Thursday, January 27, 2011

Writers on rafts, upcoming events and a rather lovely surprise

The floods that have hammered Queensland over the last few weeks have drawn support from Brisbane's Mop Army to sports folk donating amazing packages.

The Queensland Writers Centre have come up with a fund raising project that offers something for everyone. Ever wanted your name in print? Well, how about your name turning up in John Birmingham's latest volume of all-explodey goodness? What about a book package signed and sealed by Emily Maguire? Or a visit from Linda Jaivin? I don't get out much, so I volunteered myself for a few things.

Five bucks will buy you a ticket in Writers on Rafts that's right $5! Prizes will be drawn on February 25. More information here.

I have a few events to update on the events page - until I do that, this is what the year holds so far:

List of upcoming events: 

Sunday, 6 February, 3pm
I'll be having a yak with Partners in Crime  at the St Helens Community Centre, 184 Glebe Point Road, Glebe. We're going to have a chat about The Place of Place in Crime Fiction. 
Cost is $10/ $5 (members). Contact:

May 6 and 7
I'll be at the Literati Festival, Gold Coast QLD. No website as yet, but I've seen the guest list and it's going to be a great weekend. 

Saturday 4 June, 10am - 4pm
I'll be at the NSW Writers Centre, for a 1 day Workshop Perfect Crime

Then in September back up to Queensland

17 and 18th September I'll be doing two workshops with the Queensland Writers Centre

17th September, Cairns 
Workshop From Cleanskin to Crimewriter

18th September, Townsville 
Workshop From Cleanskin to Crimewriter

#WIP is the twitter hashtag lonely writers wave from their desks to signal their engagement on the work in progress. 

As to my, #WIP, it progresses. 

The scary bits I've been putting off have started to appear and the first set of eyes have started reading. Doing it like Dickens - I'm sending out instalments. Keeps the pressure up on me not to succumb to the vortex of endless rewriting - so far so good.

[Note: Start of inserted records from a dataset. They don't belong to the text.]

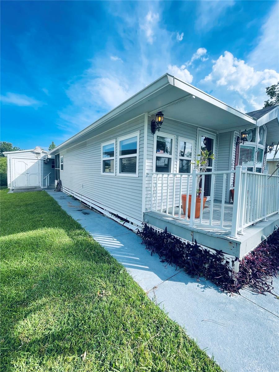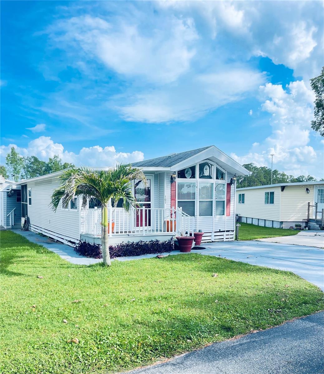 RETIRE WITH CONFIDENCE. HOA is LOW and includes Water/Sewer/Trash Pickup. Kove Estate is a 55+ Co-Op community, a friendly active environment offering resort-style living in a gated Golf community. There is no lot rent, as a share in the community conveys with the sale. The monthly cooperative fee (HOA) $219. This home features 1 bedroom, 1 bathroom, a spacious Kitchen Dining combination. Large Family Room with views of the water. Primary Bedroom with Built in Closet Storage for all your Golf Attire. Relax on your Very Large Screened in porch with 90* views of the Lake. This home also has laundry hookups and an attached oversized Shed. As a resident of Kove Estate, you will enjoy free 9-hole golf, two pools (one heated), tennis courts, pickleball, community events, Clubhouse, Library, and Gated security. The community is conveniently located off SR415, minutes to Sanford, Deltona, New Smyrna Beach, close to shopping, dining, medical facilities, and attractions such as the Daytona International Speedway, the Kennedy Space Center, and the Orlando theme parks. This home is a cash-only deal and a must-see for anyone looking for a peaceful and convenient lifestyle. Water, Sewer and Trash pickup is included in the LOW HOA. Call today to view!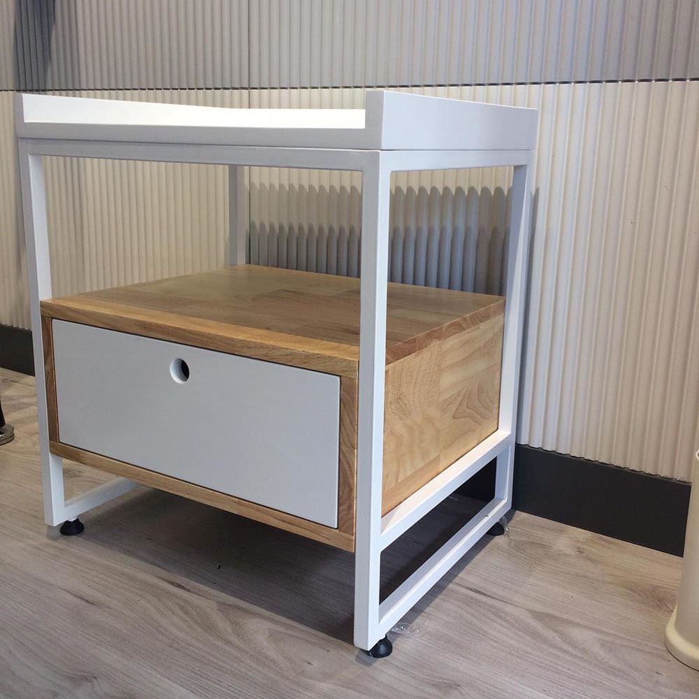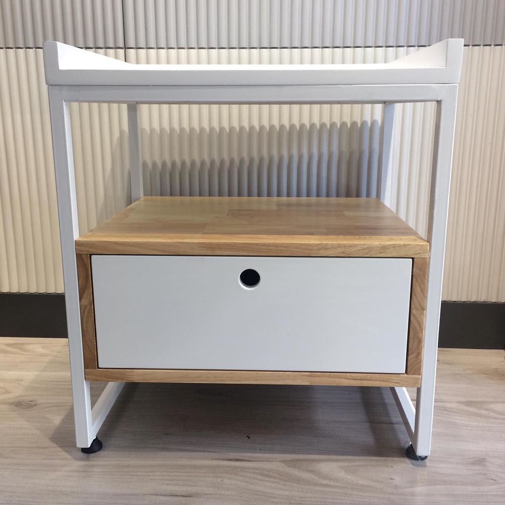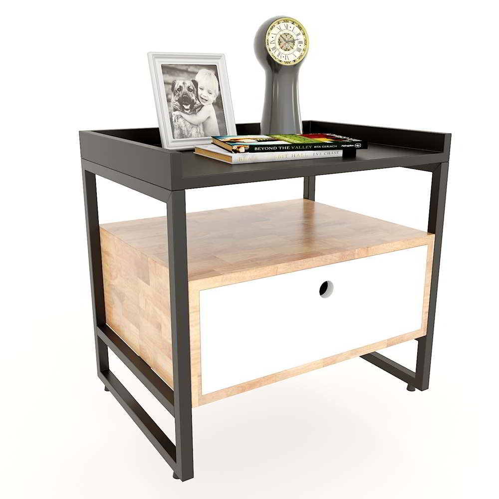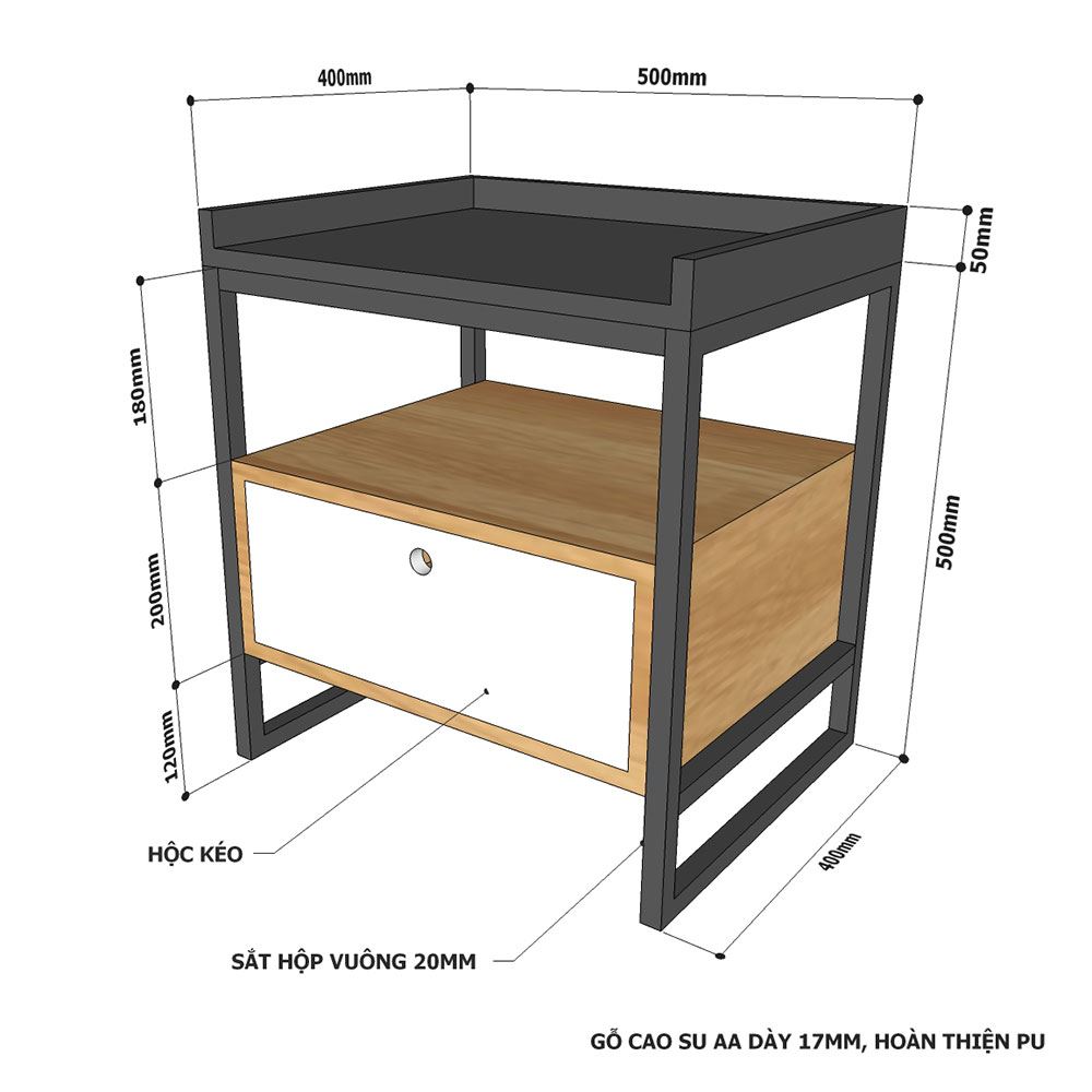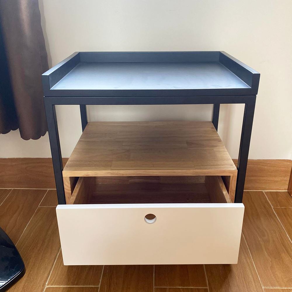 Tủ đầu giường khung sắt gỗ cao su TDG68030 với chất liệu khung sắt hộp 20x20mm hàn chắc chắn sơn tĩnh điện màu đen hoặc trắng chất lượng cao và gỗ cao su tiêu chuẩn AA, kiểu dáng độc đáo kết hợp giữa gỗ và sắt với 1 tầng kệ và một tầng hộc kéo tiện lợi.
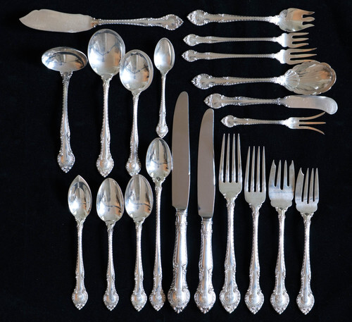 COMPLETE FLATWARE SETHOSTESS HELPERSHOLLOWWARE / TEA SETSMUSEUM QUALITY/FIGURAL SILVERFINE ESTATE VINTAGE JEWELRYMID-CENTURY MODERNSILVER FLATWARE SILVERWAREBuccellatiChristofleGeorg JensenNew Georg Jensen HollowwareNew Georg Jensen JewelryGorhamInternationalLuntMichael Aram - NewReed BartonTiffany Co.TowleWallaceWhitingPLACE SETTINGS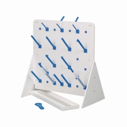 Abtropfgestelle, stehend, aus PVCDas Abtropfgestell kann einfach und flexibel auf einem Tisch oder auf der Arbeitsfläche abgestellt werden. Zwei große Standfüße mit breiten Standflächen sorgen für ausgezeichnete Stabilität. Das Abtropfgestell kann beidseitig genutzt werden und bietet somit die doppelte Aufhängfläche. Zum Entleeren der Auffangwanne kann diese einfach herausgenommen werden.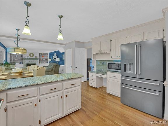 Welcome to this beautifully updated residence blending charm with modern convenience. Nestled on a generous .84-acre lot, this 2,306 sq. ft. home, ideal for comfortable living & entertaining. It features 4 bedrooms, 2 1/2 baths. The home's exterior boasts curb appeal with gorgeous landscaping, paved drive way, a two-car rear-loaded finished garage, door to kitchen provides direct access, simplifying grocery unloading. Enjoy summer evenings on the charming back patio, accessible via French doors from the large family room. Inside, rich hardwood flooring throughout the first floor. The family room is a standout feature, with a stunning brick wood-burning fireplace, built-in bookshelves, cabinets, crown molding, a chair rail, and shiplap accents enhance its elegance. The kitchen is the heart of the home, with granite countertops, smooth top cooking, a large pantry, abundant cabinets, built-in desk and breakfast area/morning room for everyday enjoyment. The formal dining room is sophisticated, with crown molding, a chair rail, & an elegant light fixture. Charming half bath for guest with tiled floor & wainscoting. Upstairs, the primary bedroom is a spacious retreat with a walk-in closet & ensuite featuring stylish tile floor, gorgeous tiled walk-in shower, double sink vanity, linen closet, and skylight adding that nice natural light. The second bedroom offers luxury vinyl plank flooring, a large space to create play or study area, & two closets. One closet leads to the walk up attic with plenty of storage space. The third bedroom has a double-door closet, while the fourth includes a walk-in closet & dormer windows. The hall bathroom features a tiled floor, shower/tub combination, double sink vanity, & skylight. The laundry room with a tiled floor & ample space. Located in a desirable neighborhood. Easy access to 288, Powhite Pkwy, shopping and restaurants. Don’t miss out on making this exceptional house your forever home. Schedule your showing today!

About to clean off the big white board (as the breakdown of final scenes there no longer resembles the breakdown of final scenes in scrivener and in my head) and look at landing the plane in detail. While it's good to forward plan - it's also good to stay flexible. (Usually results in a bit of back-stitching - but it won't be the first, or the last, time things get unpicked, re-arranged and re-stitched.)

In a delightful bit of news this week The Old School has been shortlisted in the Debut Fiction Category of the 2011 Indie Awards alongside some very fine books indeed: Rocks in the Belly by Jon Bauer, Book of Lost Threads by Tess Evans, The Legacy by Kirsten Tranter.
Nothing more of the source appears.